━━━━━ DATA FOR THIS EXERCISE ━━━━━

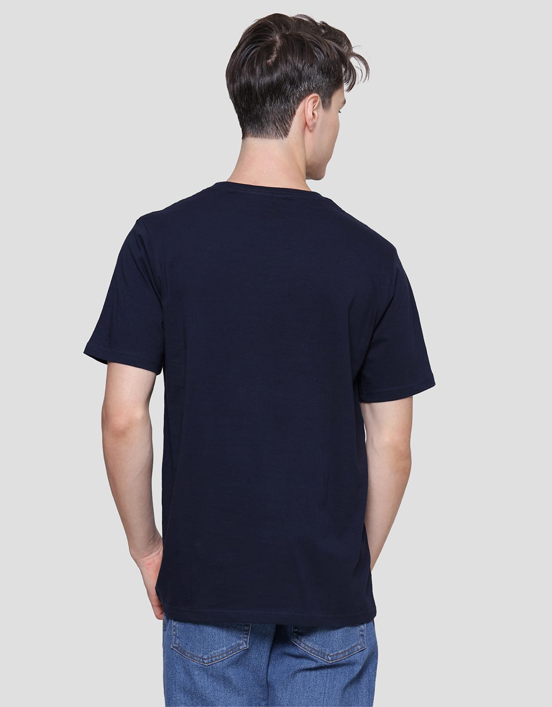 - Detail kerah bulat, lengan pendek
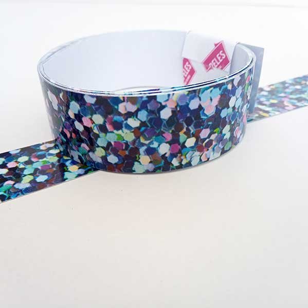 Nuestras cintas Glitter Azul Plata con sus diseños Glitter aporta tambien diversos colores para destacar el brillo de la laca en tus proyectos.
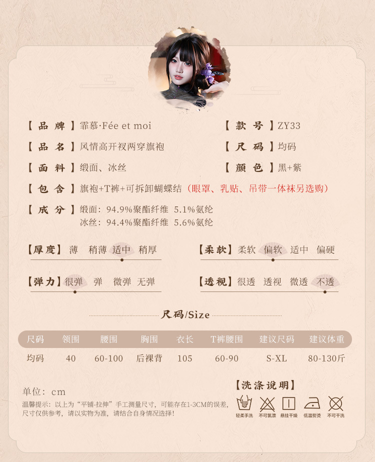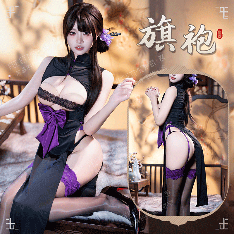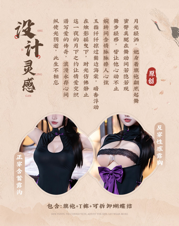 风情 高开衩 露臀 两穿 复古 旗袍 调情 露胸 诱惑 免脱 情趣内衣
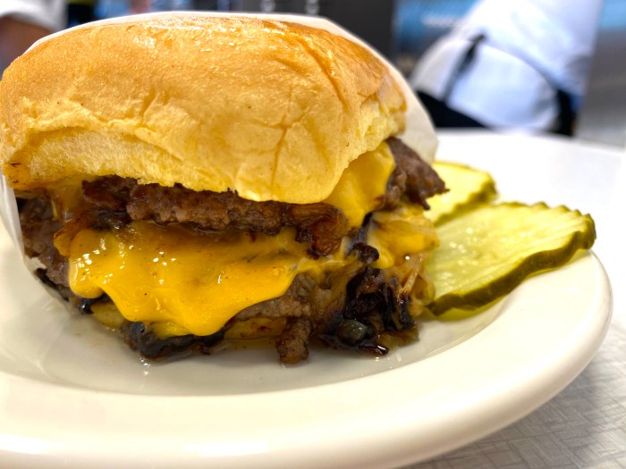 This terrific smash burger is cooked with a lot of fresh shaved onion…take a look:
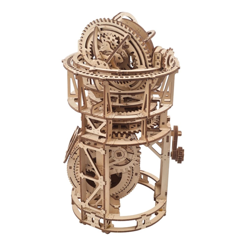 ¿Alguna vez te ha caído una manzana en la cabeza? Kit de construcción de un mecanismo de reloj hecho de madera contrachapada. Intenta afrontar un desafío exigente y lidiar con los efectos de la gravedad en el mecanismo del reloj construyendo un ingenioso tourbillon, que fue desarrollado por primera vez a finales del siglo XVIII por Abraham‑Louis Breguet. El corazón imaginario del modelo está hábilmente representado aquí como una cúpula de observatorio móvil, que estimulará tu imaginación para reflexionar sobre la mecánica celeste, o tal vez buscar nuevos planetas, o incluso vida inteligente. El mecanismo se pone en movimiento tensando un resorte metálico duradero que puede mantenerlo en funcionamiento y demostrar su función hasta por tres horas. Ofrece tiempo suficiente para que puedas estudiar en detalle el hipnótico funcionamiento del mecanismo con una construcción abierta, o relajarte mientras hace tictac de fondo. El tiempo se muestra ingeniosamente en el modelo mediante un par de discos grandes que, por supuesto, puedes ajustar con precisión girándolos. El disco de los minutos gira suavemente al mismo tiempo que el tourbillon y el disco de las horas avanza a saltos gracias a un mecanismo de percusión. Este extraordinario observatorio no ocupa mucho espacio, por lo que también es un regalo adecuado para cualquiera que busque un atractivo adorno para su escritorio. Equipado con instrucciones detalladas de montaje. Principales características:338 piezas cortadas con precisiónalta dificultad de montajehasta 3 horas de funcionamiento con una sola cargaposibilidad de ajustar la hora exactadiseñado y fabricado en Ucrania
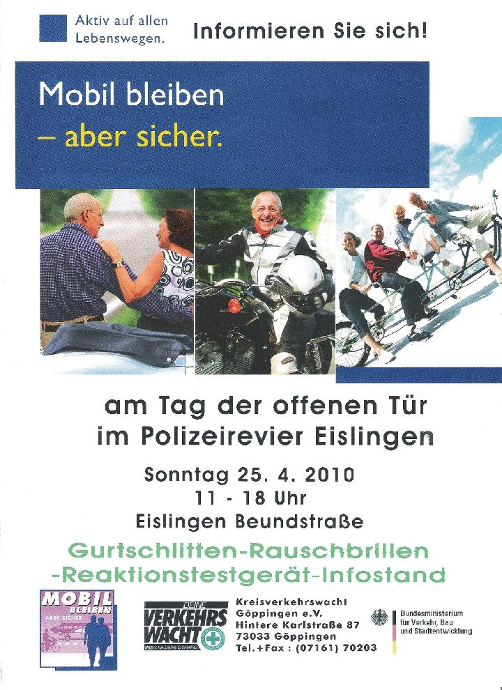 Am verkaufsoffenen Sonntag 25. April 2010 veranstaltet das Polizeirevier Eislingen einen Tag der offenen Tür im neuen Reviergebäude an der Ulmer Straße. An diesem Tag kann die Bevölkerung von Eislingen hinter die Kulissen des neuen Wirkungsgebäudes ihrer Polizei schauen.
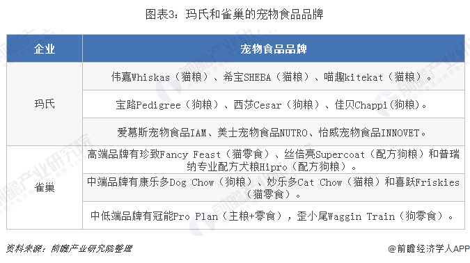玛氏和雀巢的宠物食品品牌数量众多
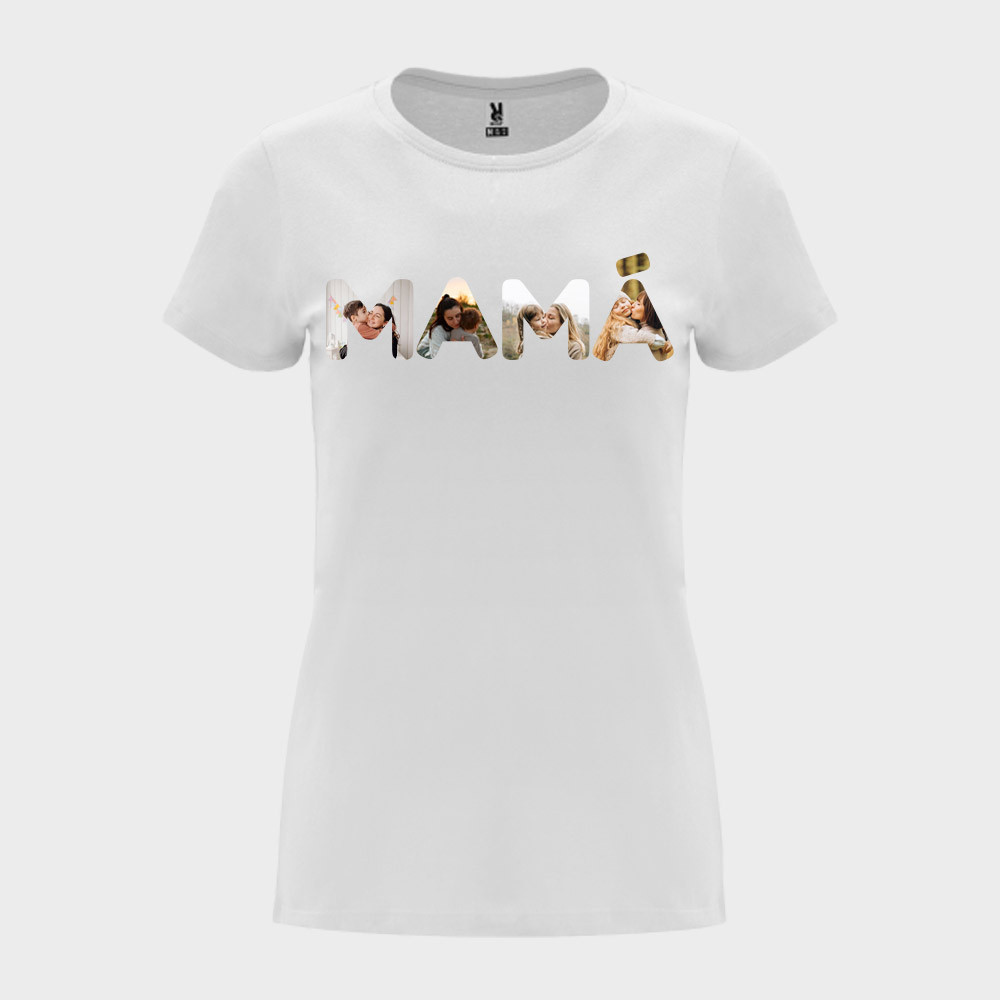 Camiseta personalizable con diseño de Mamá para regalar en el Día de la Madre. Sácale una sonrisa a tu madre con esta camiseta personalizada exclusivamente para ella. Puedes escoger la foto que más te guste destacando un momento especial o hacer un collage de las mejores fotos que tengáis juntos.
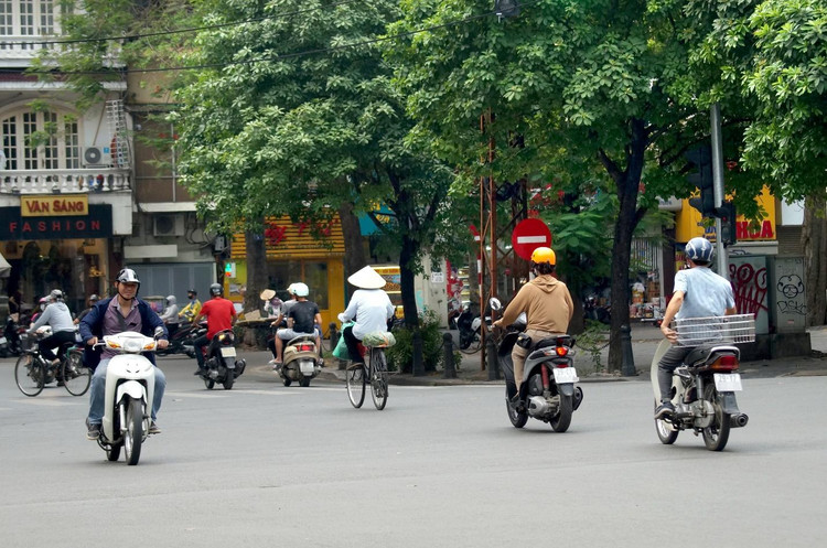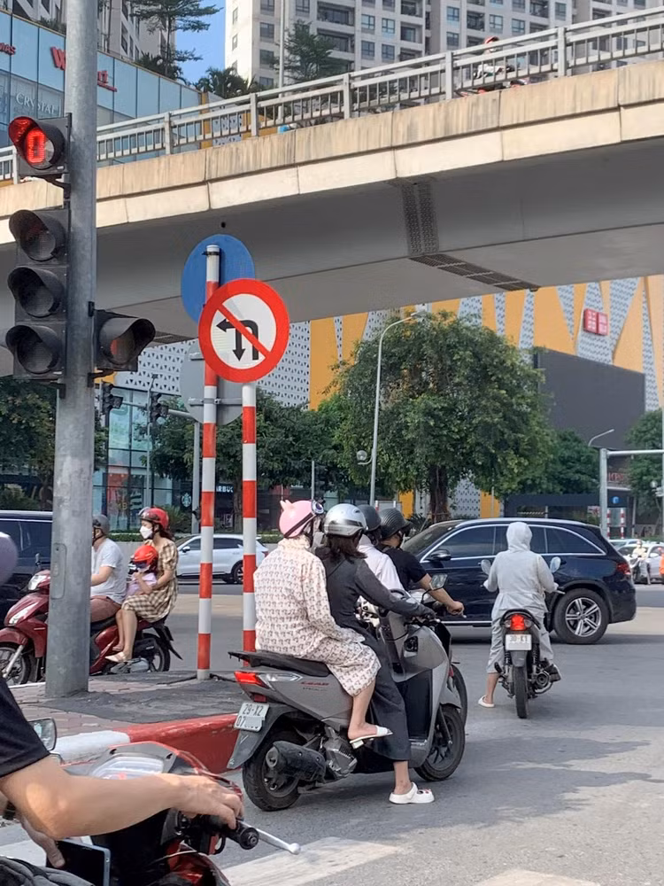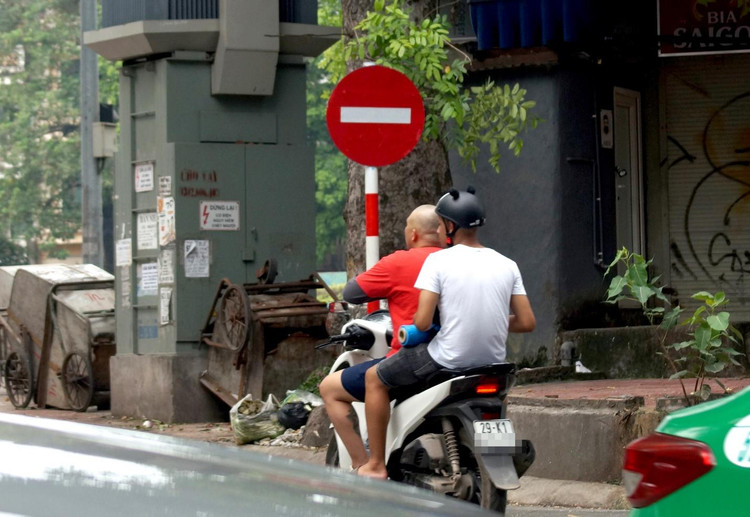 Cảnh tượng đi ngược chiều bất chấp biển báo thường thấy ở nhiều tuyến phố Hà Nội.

━━━━━

WHAT THE EXERCISE ASKS: Write out exactly the lines above between the one with "Nuestras cintas Glitter" and the one with "This terrific smash", inclusive, with pictures left out.

TASK OUTPUT:
 Nuestras cintas Glitter Azul Plata con sus diseños Glitter aporta tambien diversos colores para destacar el brillo de la laca en tus proyectos.
 风情 高开衩 露臀 两穿 复古 旗袍 调情 露胸 诱惑 免脱 情趣内衣
 This terrific smash burger is cooked with a lot of fresh shaved onion…take a look:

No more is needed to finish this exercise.